→ **Work required**
Please return the lines below verbatim, beginning at the one that has "男同志專用 後庭肛交情趣潤滑液 贈後庭/陰道清洗器X1" and stopping after the one that has "The Prettiest Person", and add no other lines.
-- Data for this exercise follows --
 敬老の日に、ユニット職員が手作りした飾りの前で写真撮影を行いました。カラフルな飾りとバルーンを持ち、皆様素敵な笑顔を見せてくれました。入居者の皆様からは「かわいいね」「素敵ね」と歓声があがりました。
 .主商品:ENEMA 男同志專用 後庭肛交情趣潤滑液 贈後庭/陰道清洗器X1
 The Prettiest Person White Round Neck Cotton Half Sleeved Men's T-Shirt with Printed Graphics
-- Data for this exercise concluded --
-- Data for this exercise follows --
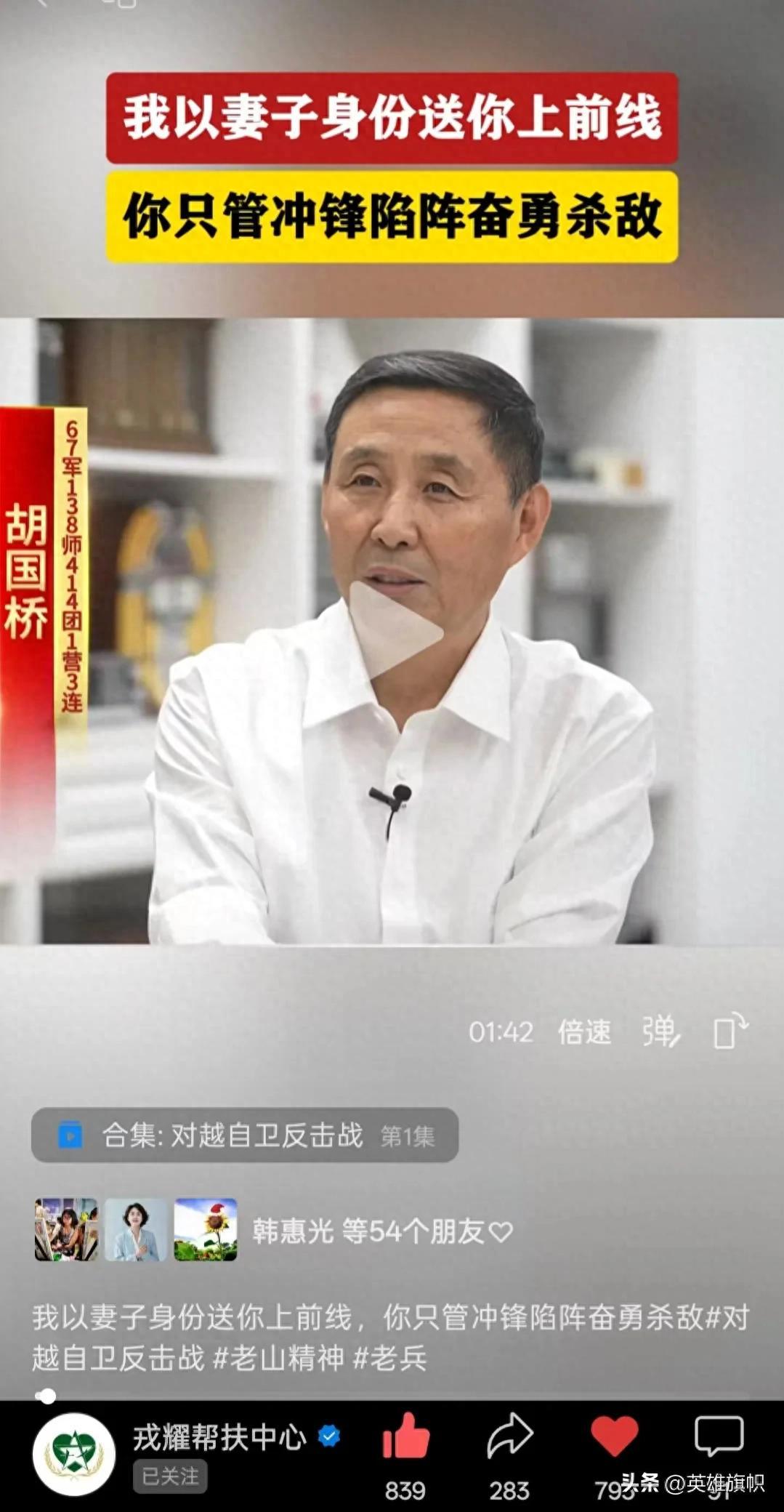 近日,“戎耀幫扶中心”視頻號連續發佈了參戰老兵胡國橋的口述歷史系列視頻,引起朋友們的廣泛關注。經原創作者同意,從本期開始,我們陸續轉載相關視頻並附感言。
-- Data for this exercise concluded --
-- Data for this exercise follows --
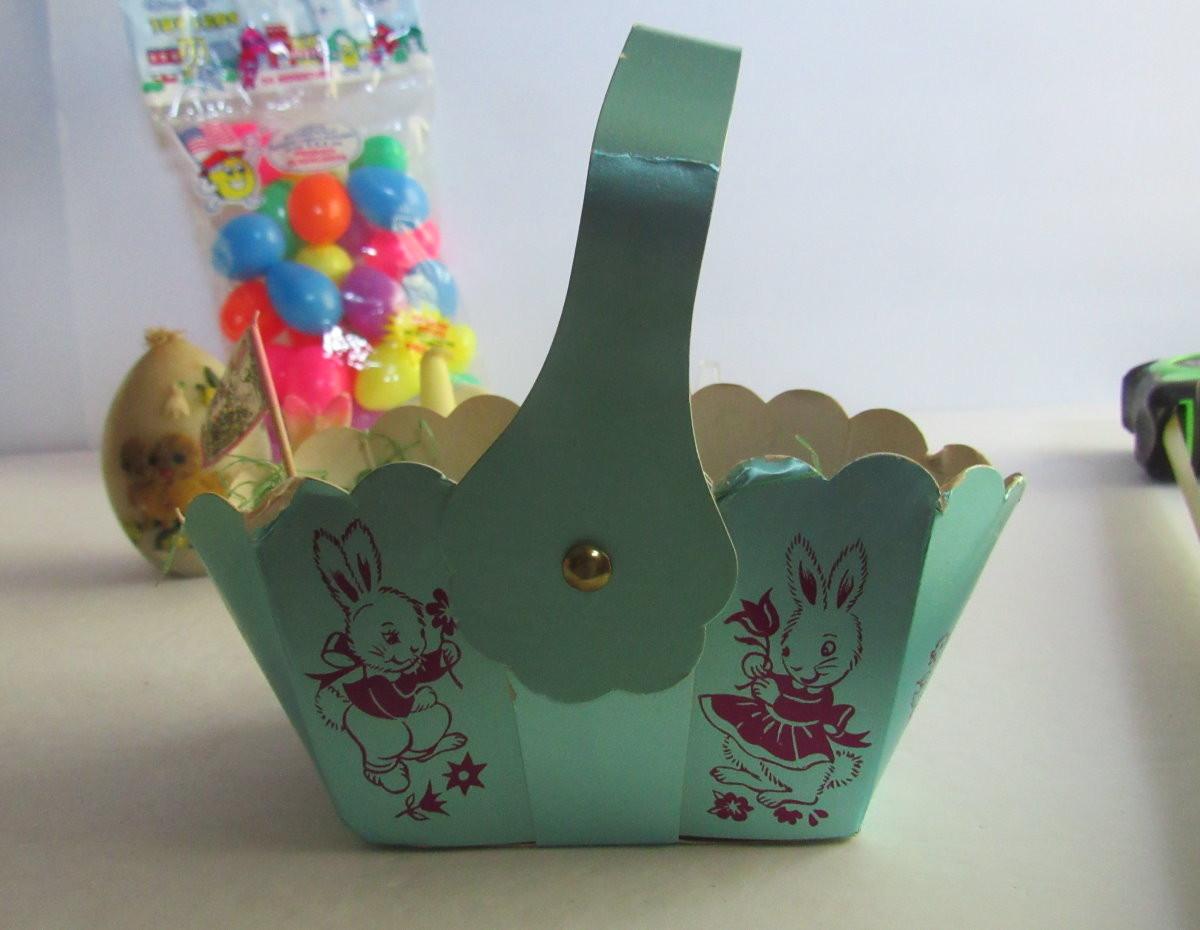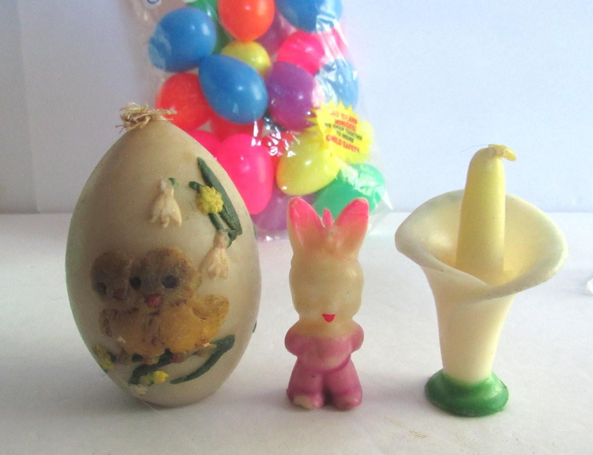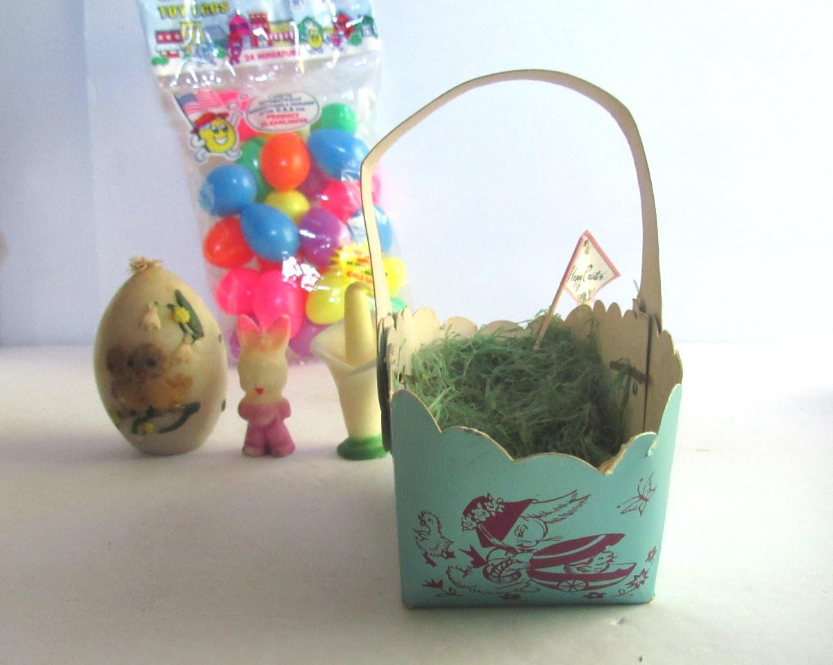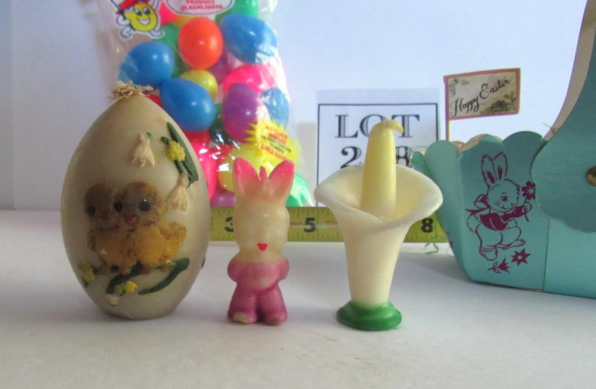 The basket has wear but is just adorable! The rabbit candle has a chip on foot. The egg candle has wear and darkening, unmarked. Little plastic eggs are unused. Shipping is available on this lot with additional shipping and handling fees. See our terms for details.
-- Data for this exercise concluded --
→ **Exercise output**
 .主商品:ENEMA 男同志專用 後庭肛交情趣潤滑液 贈後庭/陰道清洗器X1
 The Prettiest Person White Round Neck Cotton Half Sleeved Men's T-Shirt with Printed Graphics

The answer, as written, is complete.